▶ **Brief**:
Use the entries below and reproduce exactly the lines from the one containing "パン生地をすっぽり覆うクッキー部分、" down to the one containing "Condé illustrated the", both of them included.

▶ **Entries shown**:
━━━━━━

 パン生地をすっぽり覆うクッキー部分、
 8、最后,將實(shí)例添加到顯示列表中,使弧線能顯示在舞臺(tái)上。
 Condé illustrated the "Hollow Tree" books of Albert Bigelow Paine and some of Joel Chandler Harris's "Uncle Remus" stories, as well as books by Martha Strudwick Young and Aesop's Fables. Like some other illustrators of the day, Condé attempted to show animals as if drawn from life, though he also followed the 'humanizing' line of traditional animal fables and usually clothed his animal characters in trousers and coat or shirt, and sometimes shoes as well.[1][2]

━━━━━━

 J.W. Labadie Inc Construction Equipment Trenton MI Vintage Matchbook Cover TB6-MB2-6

━━━━━━

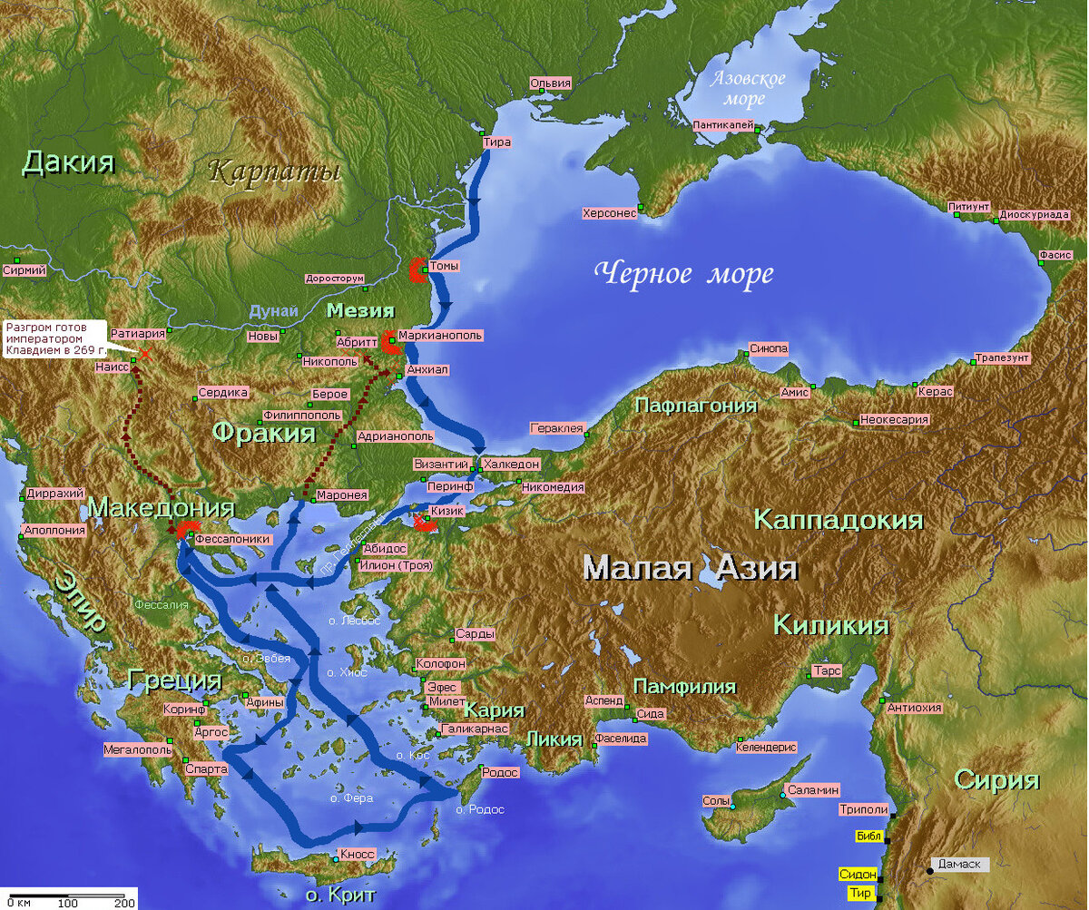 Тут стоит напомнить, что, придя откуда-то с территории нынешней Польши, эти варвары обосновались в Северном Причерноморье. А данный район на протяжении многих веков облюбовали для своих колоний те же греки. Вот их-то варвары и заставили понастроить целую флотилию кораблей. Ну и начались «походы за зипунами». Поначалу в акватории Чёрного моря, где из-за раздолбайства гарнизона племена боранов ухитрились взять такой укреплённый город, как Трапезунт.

━━━━━━

▶ **Result of this exercise**:
 パン生地をすっぽり覆うクッキー部分、
 8、最后,將實(shí)例添加到顯示列表中,使弧線能顯示在舞臺(tái)上。
 Condé illustrated the "Hollow Tree" books of Albert Bigelow Paine and some of Joel Chandler Harris's "Uncle Remus" stories, as well as books by Martha Strudwick Young and Aesop's Fables. Like some other illustrators of the day, Condé attempted to show animals as if drawn from life, though he also followed the 'humanizing' line of traditional animal fables and usually clothed his animal characters in trousers and coat or shirt, and sometimes shoes as well.[1][2]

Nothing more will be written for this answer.